Take the data below and copy exactly the lines starting at the one with "結(jié)合通瑞財(cái" and finishing at the one with "Collier foulard léopard", both included.

§ **ENTRIES SHOWN**

- Opening Delimiter -

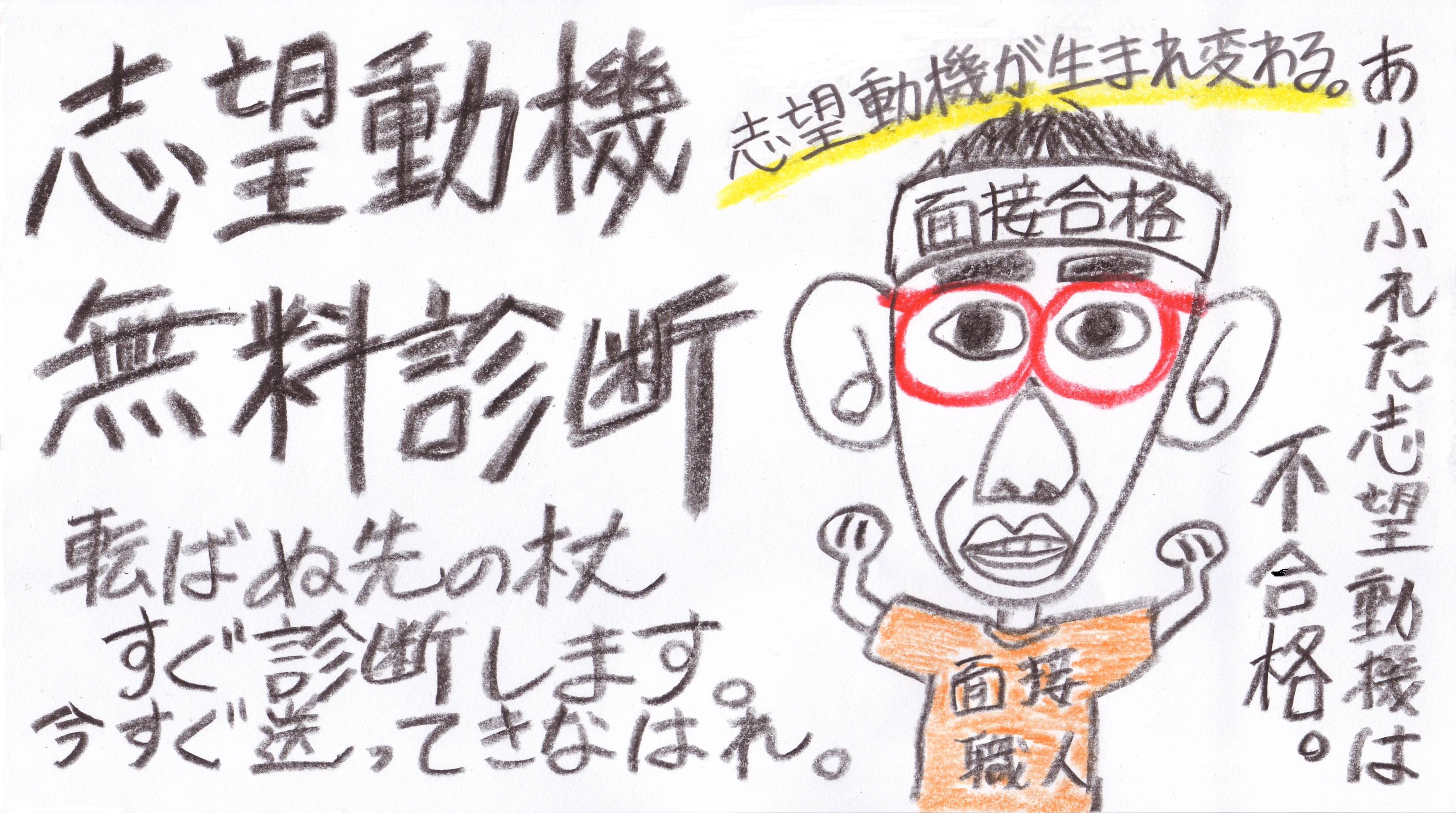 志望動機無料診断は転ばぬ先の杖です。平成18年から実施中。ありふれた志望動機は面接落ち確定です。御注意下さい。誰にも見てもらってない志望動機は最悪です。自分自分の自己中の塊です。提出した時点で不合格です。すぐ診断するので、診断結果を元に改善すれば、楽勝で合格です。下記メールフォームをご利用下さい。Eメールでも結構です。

- Closing Delimiter -
- Opening Delimiter -

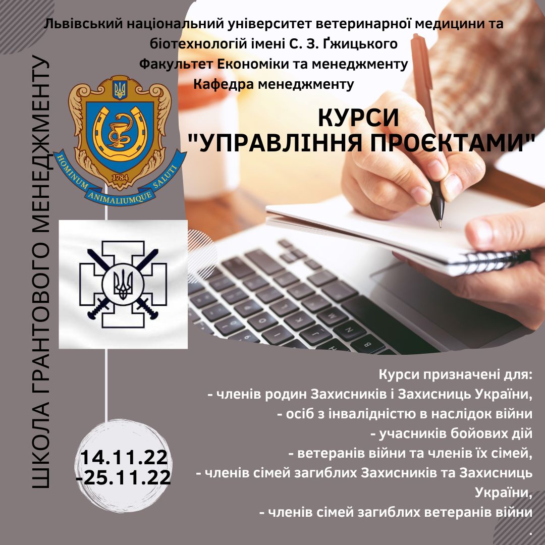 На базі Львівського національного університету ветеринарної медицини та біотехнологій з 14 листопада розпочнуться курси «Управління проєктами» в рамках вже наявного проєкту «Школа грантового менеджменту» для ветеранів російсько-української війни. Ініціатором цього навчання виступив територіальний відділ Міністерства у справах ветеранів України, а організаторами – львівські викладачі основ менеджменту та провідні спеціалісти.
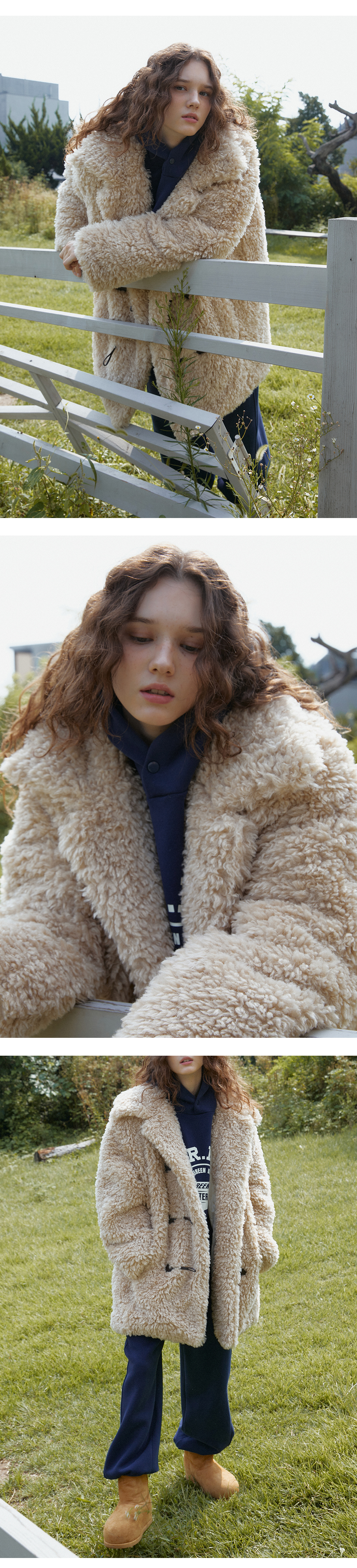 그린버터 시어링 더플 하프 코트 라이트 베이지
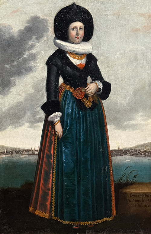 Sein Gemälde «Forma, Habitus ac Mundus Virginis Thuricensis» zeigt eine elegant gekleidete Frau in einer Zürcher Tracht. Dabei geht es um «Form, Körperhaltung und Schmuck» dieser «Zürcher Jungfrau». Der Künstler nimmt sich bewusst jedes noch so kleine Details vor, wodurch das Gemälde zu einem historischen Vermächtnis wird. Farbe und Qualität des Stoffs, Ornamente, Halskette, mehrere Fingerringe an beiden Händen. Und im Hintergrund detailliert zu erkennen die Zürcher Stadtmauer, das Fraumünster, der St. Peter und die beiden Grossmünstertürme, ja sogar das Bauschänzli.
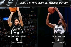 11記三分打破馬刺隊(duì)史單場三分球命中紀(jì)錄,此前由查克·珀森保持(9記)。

- Closing Delimiter -
- Opening Delimiter -

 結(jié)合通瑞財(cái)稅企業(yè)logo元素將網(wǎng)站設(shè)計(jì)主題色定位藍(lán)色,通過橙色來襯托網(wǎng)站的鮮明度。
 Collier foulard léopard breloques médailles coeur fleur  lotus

- Closing Delimiter -

§ **RESPONSE TO THE EXERCISE**
 結(jié)合通瑞財(cái)稅企業(yè)logo元素將網(wǎng)站設(shè)計(jì)主題色定位藍(lán)色,通過橙色來襯托網(wǎng)站的鮮明度。
 Collier foulard léopard breloques médailles coeur fleur  lotus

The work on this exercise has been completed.